If you find any errors, please let me know: peder at axensten dot se.
source: the file to be read. May be a file path or just the file name. OR: The text itself, see 'textsource', below.
delimiter: (default: ',') any non-empty string. May be a regexp, but this is slow on large files.
comment: (default: '') zero or one character. Anything after (and including) this character, until the end of the line, will be ignored.
quotes: (default: '') zero, one (opening quote equals closing), or two characters (opening and closing quote) to be treated as paired braces. Everything between the quotes will be treated as one item. The quotes will remain. Quotes may be nested.

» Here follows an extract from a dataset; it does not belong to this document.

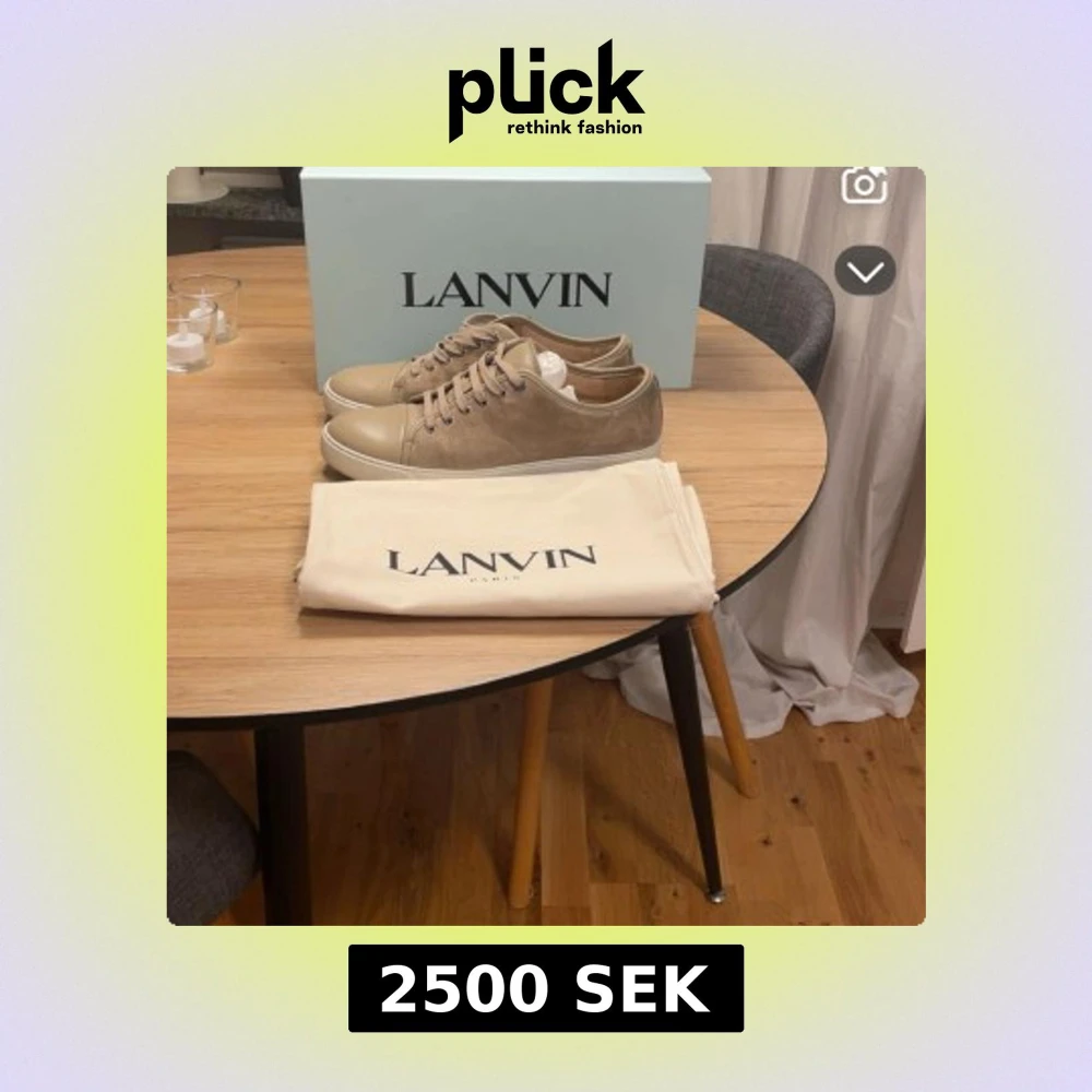 Snygga beige sneakers från Lanvin med ovandel i mocka och detaljer i skinn. Skorna har rund tå, platt vit sula och matchande beige snörning. Perfekta för dig som gillar stilrena och exklusiva sneakers. Kommer med originalkartong och dustbag. Finns några enstaka skavanker som skadan på sidan av skorna men ingen man tänker på. Pris kan diskuteras!

options: (default: '') may contain (concatenate combined options):
- 'textsource': source contains the actual text to be processed, not the file name.
- 'textual': no numeric conversion ('data' is a cell array of strings only),
- 'numeric': everything is converted to a number or NaN ('data' is a numeric array, empty items are converted to NaNs unless 'empty2zero' is given),
- 'empty2zero': an empty field is saved as zero, and
- 'empty2NaN': an empty field is saved as NaN.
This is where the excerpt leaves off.